The role of hydroxyindoles in protecting neuronal cultures from ferroptosis.

Hydroxyindoles are organic compounds characterized by a hydroxyl group attached to an indole ring. One notable example is 5-hydroxyindole, which can be found in humans, plants, and microorganisms. The structure of 5-hydroxyindole is integral to molecules such as melanin, serotonin and 5-hydroxyindoleacetic acid (a serotonin metabolite). Ferroptosis is a regulated form of cell death driven by uncontrolled phospholipid peroxidation, which has been linked to the pathogenesis of neurodegenerative diseases, including Alzheimer's and Parkinson's. The impact of hydroxyindoles on ferroptosis remains largely unexplored. This study tests the hypothesis that different hydroxyindoles can modulate ferroptosis in neuronal cultures through specific structure-activity relationships.

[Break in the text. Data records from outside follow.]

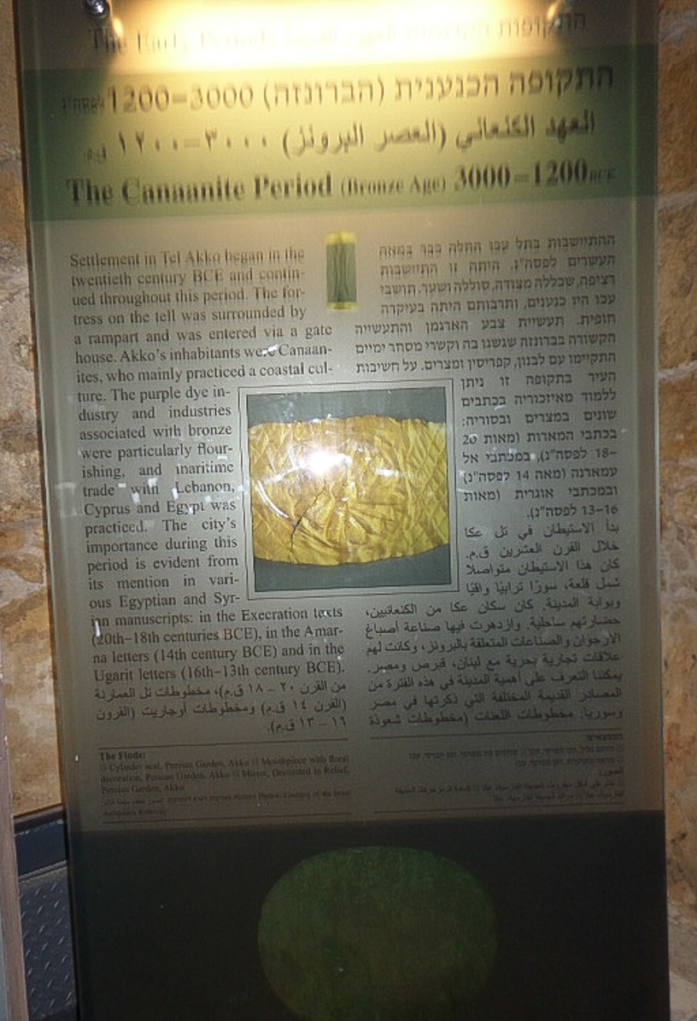 A sign within the museum portion of the crusader fortress describes the Canaanite Period (3000-1200 BCE).
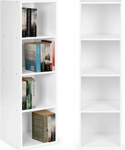 Les quatre étagères intégrées permettent une utilisation optimale de l’espace. Chaque niveau offre de la place pour ranger divers objets – des livres et décorations jusqu’aux petits accessoires.
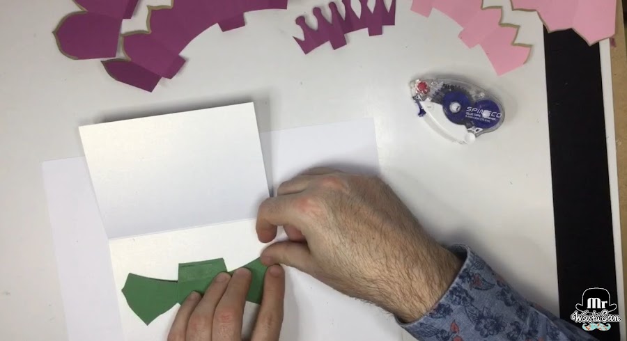 Y necesitaremos papeles de colores, un tono verde y dos colores que combinen entre sí, uno más claro y otro más oscuro. El papel si es fino os será más fácil de recortar y manipular.
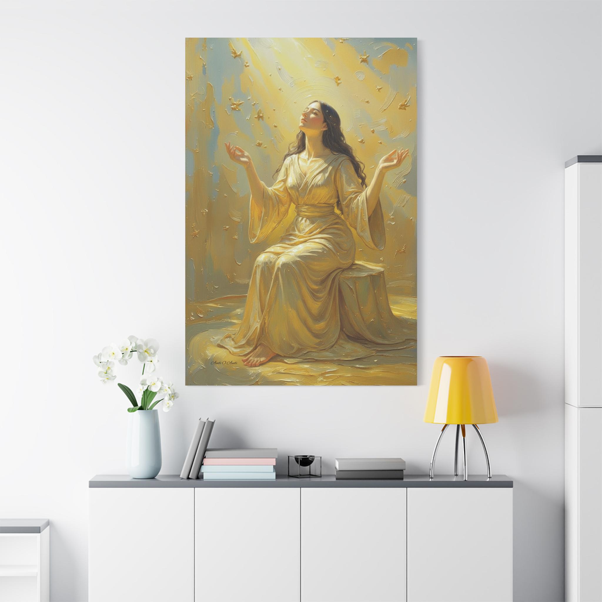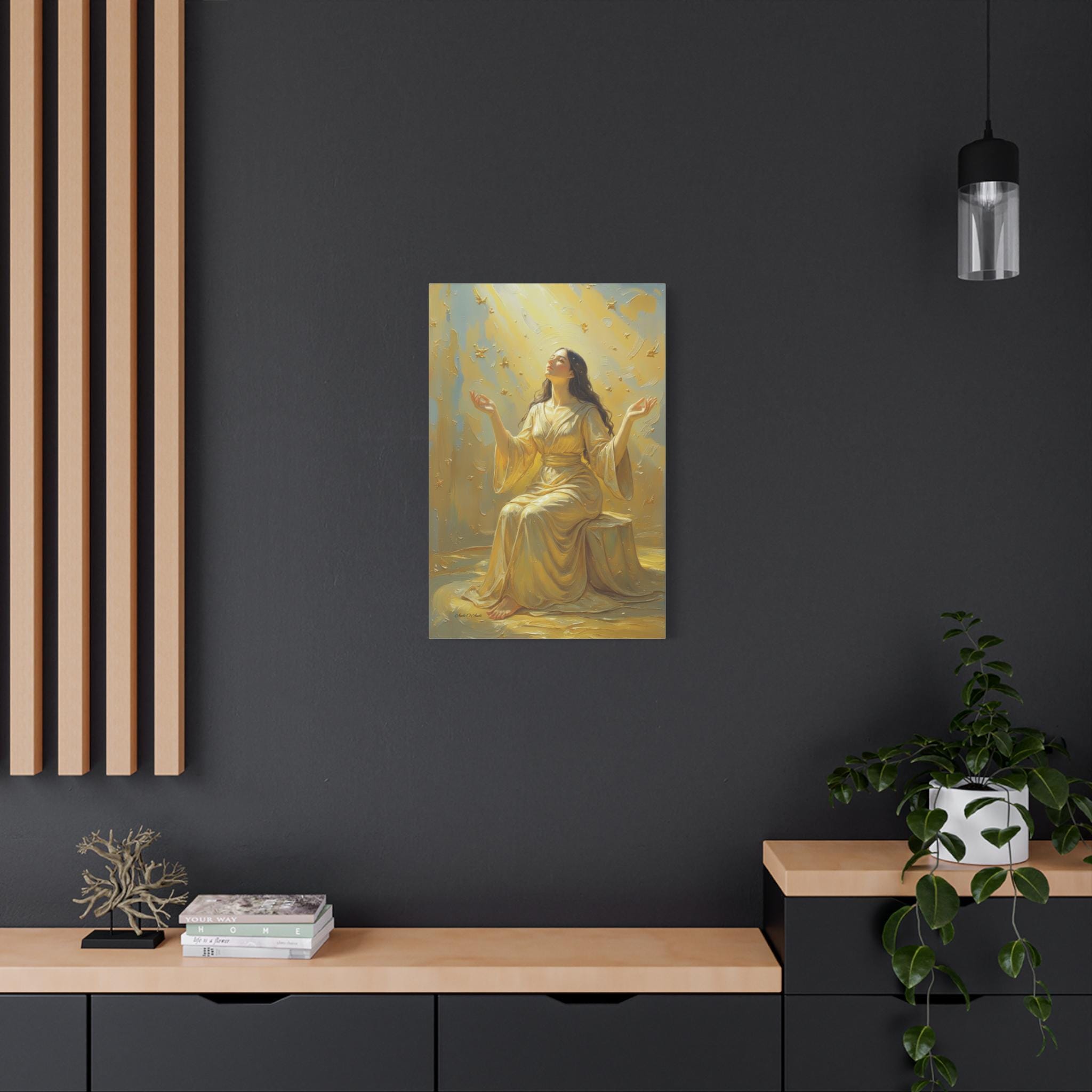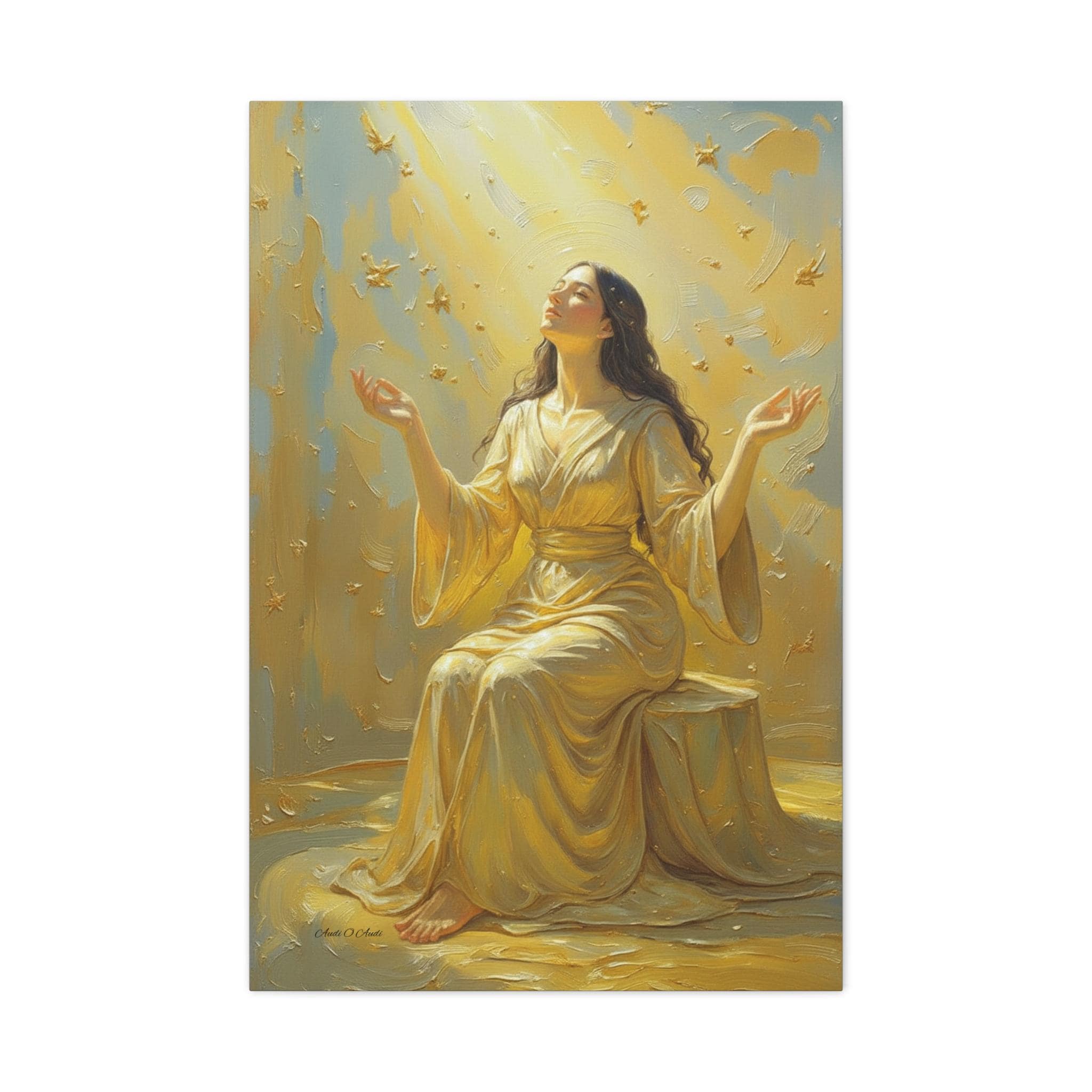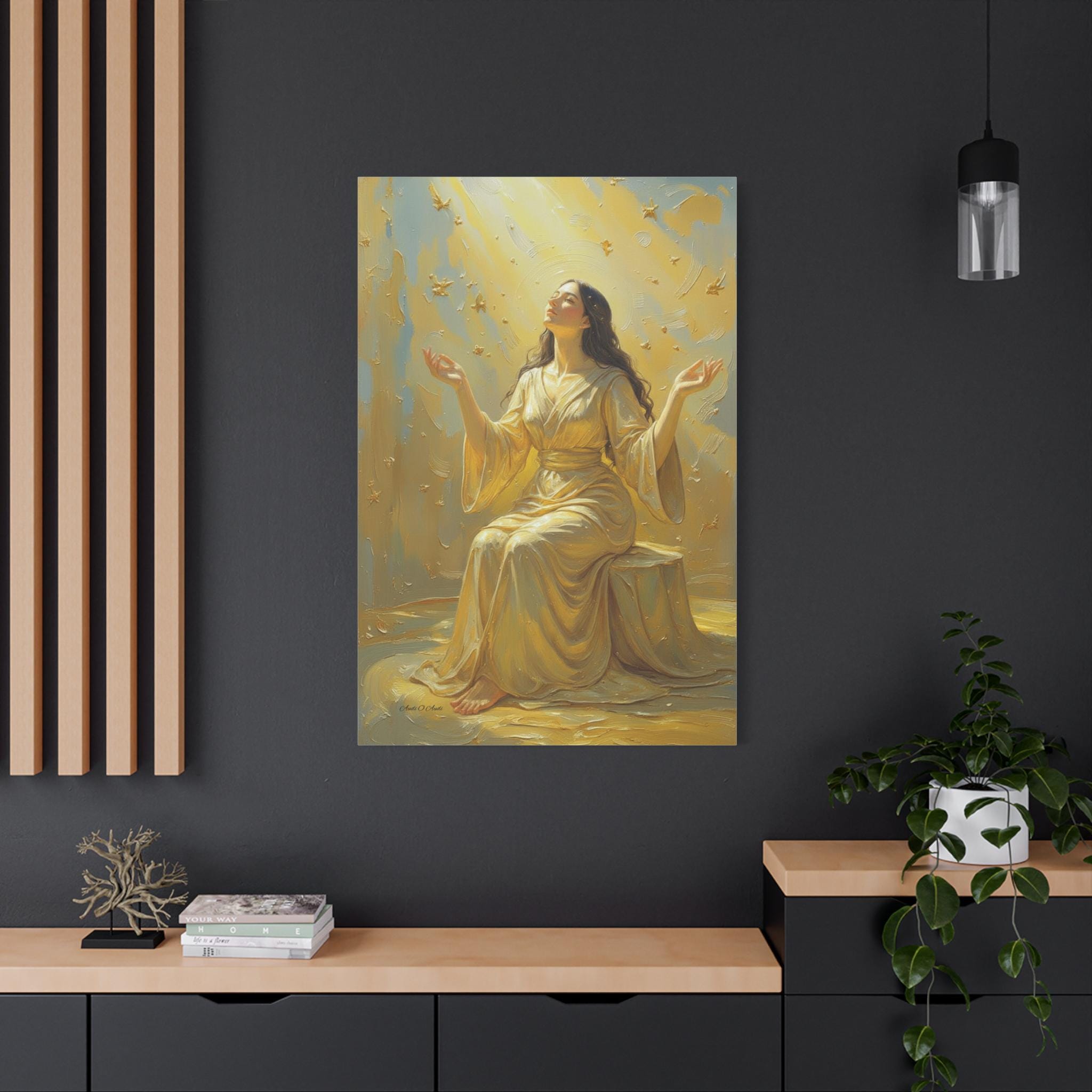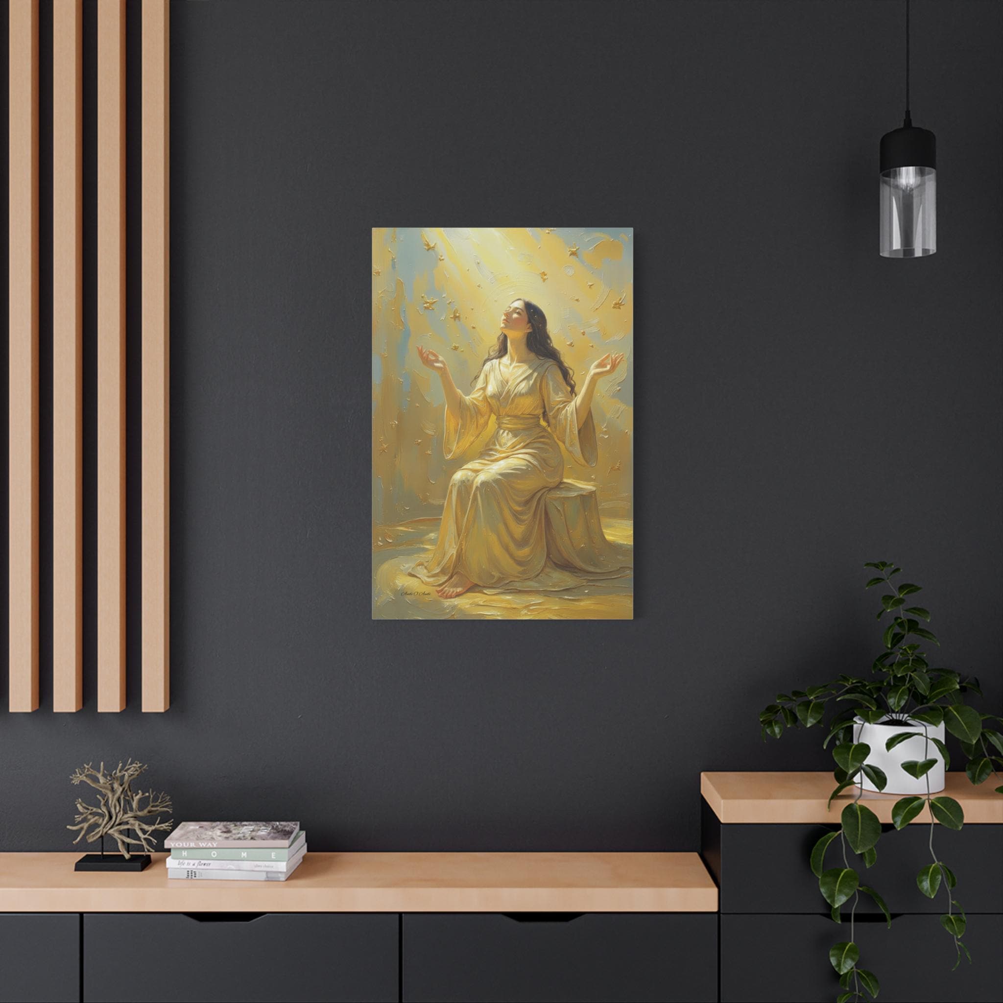 Fill your sanctuary with warmth and spiritual peace with this breathtaking golden canvas print. This uplifting, ethereal artwork features a serene female figure seated in a moment of quiet joy, her arms gently raised as she basks in a radiant, glowing light filled with floating golden embers.
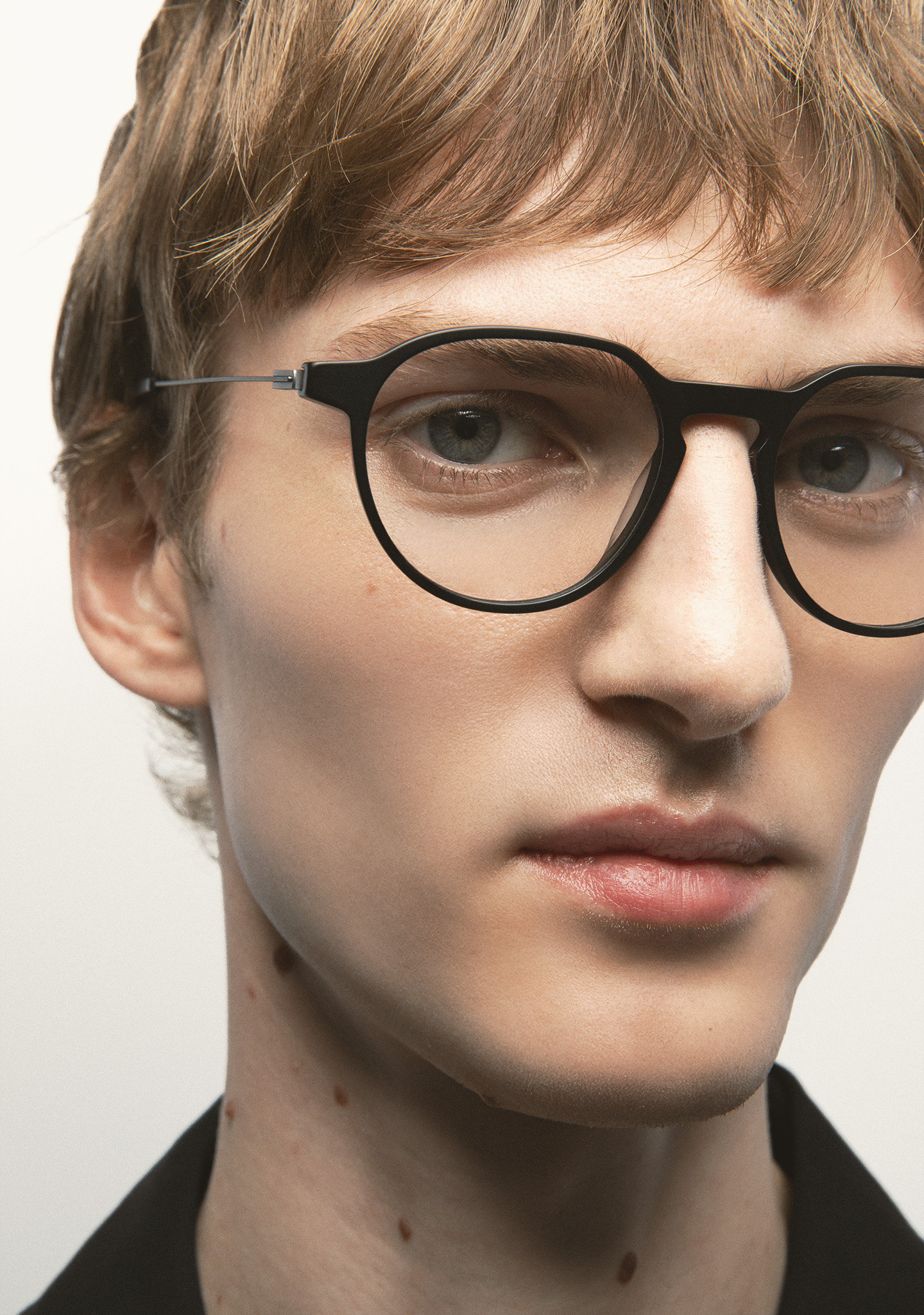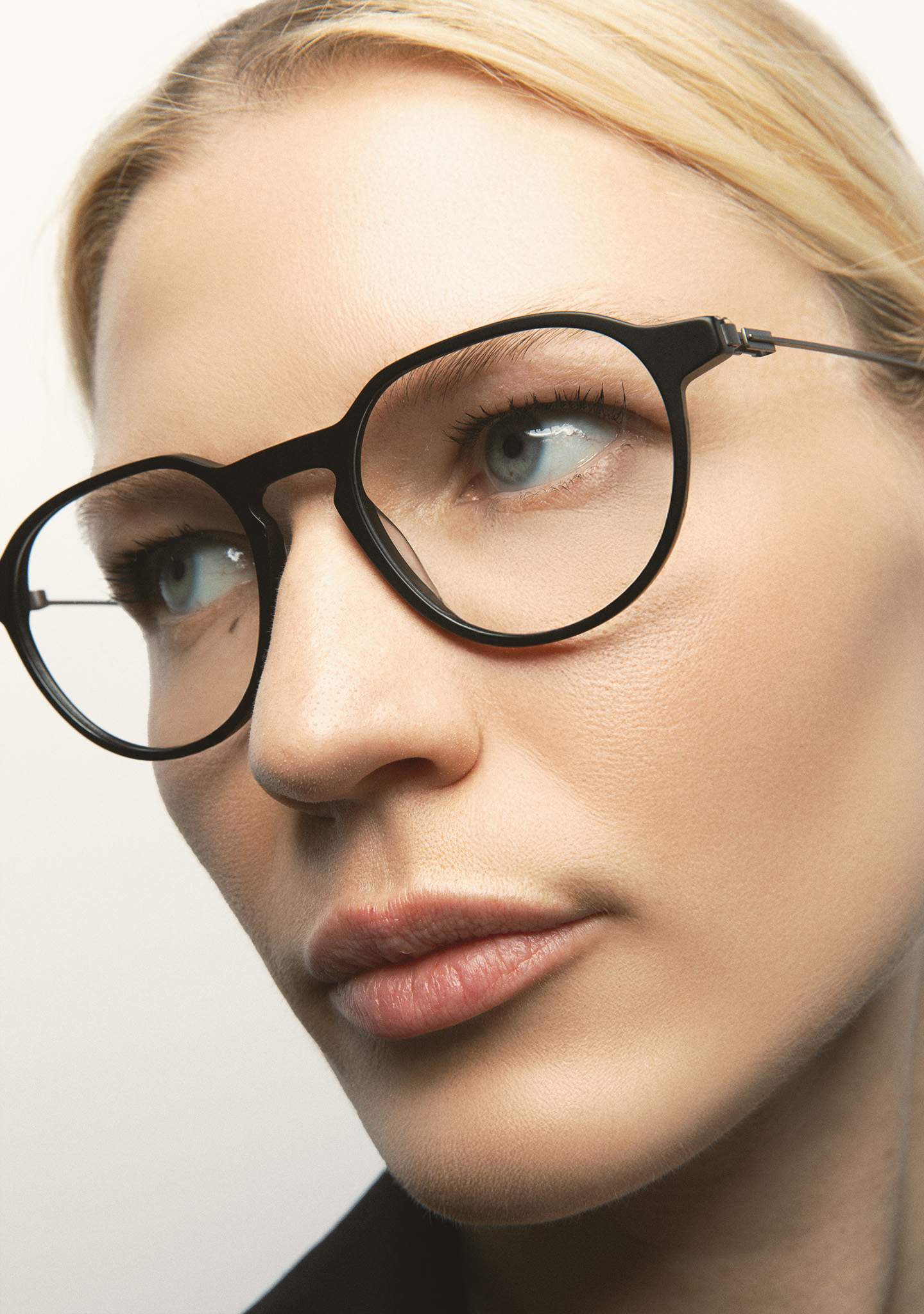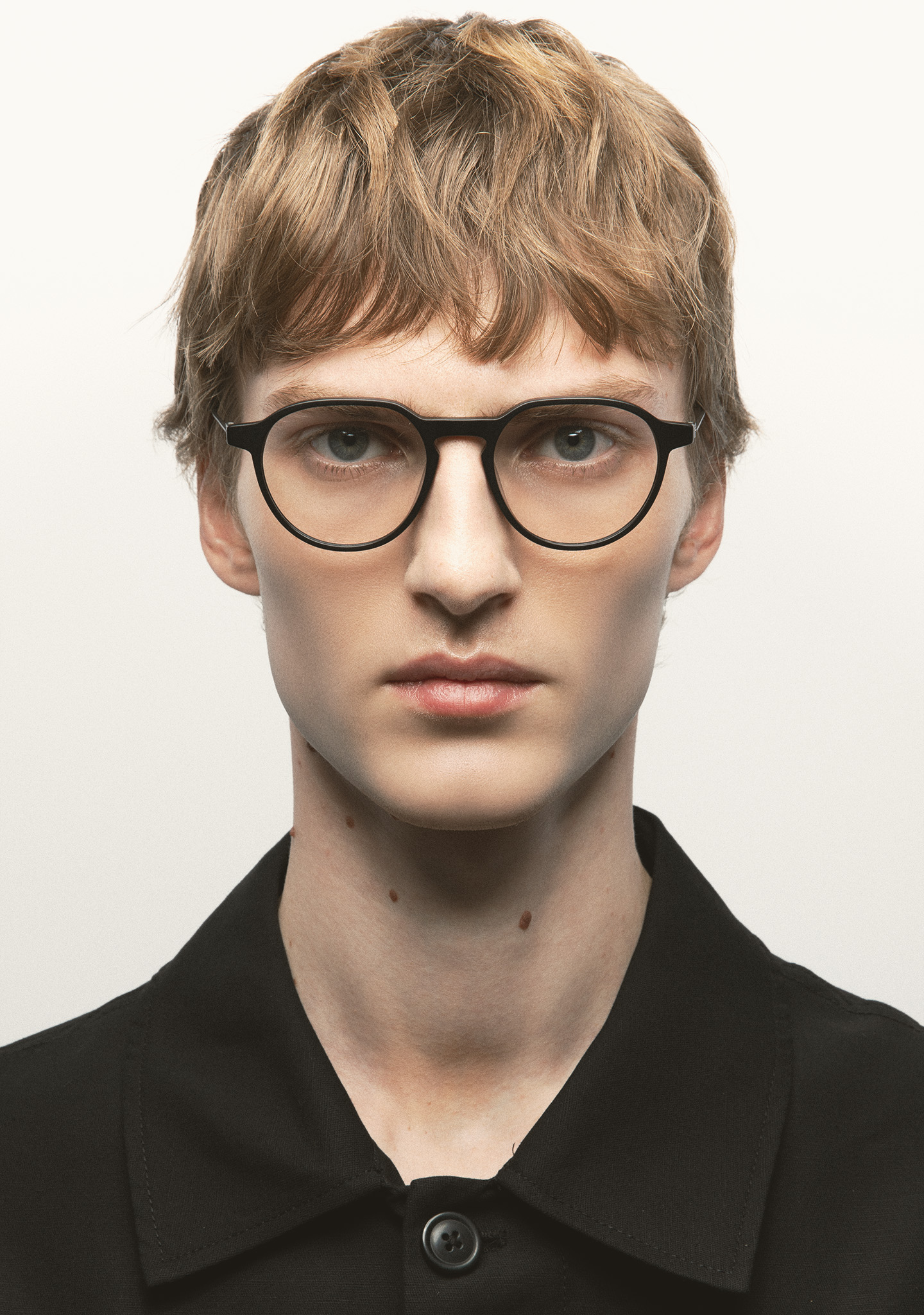 Korrektionsfassung in Pantos-Form. Eine Geometrie, die das Wesentliche neu definiert. Front aus hochdichtem, mattschwarzem Acetat. Bügel aus matt dunkelgrauem Edelstahl mit mattschwarzen Acetatenden. Bügel mit neuer schraubenloser Scharnierkonstruktion. Integrierte Acetat-Nasenpads. Handgefertigt. Erhältlich in zwei Größen: Medium (M) und Large (L).

We used various pathway-specific inducers, including erastin, RSL3, and FINO2, to induce ferroptosis. Cytotoxicity was evaluated using calcein AM, MTT (thiazolyl blue tetrazolium bromide), and LDH (lactate dehydrogenase) release assays. Glutathione levels were measured with the monochlorobimane assay, and intracellular ATP (adenosine triphosphate) levels were quantified using the ATP-Glo™ Bioluminometric cell viability assay. We also performed the ABTS (2,2'-azino-bis(3-ethylbenzothiazoline-6-sulfonic acid)) assay to evaluate the radical-trapping antioxidant activity of the compounds. Our findings indicate that hydroxyindoles function as a class of ferroptosis inhibitors in cell cultures. Among the hydroxyindole analogs studied, 3-hydroxyindole emerged as the most potent inhibitor of ferroptosis in both HT-22 (mouse hippocampal neurons) and N27 (rat dopaminergic neurons) cell lines. In contrast, 5-hydroxyindole and its specific analogs, such as serotonin and 5-hydroxyindoleacetic acid, were found to be less effective in inhibiting ferroptosis in HT-22 cells. Further investigations into the underlying mechanisms revealed that hydroxyindoles inhibit ferroptosis through their intrinsic radical-trapping antioxidant activity. In conclusion, several hydroxyindole analogs, including 3-hydroxyindole, 6-hydroxyindole, and 7-hydroxyindole, have been identified as inhibitors of ferroptosis, highlighting their potential as therapeutic agents for conditions involving neuronal loss caused by ferroptosis.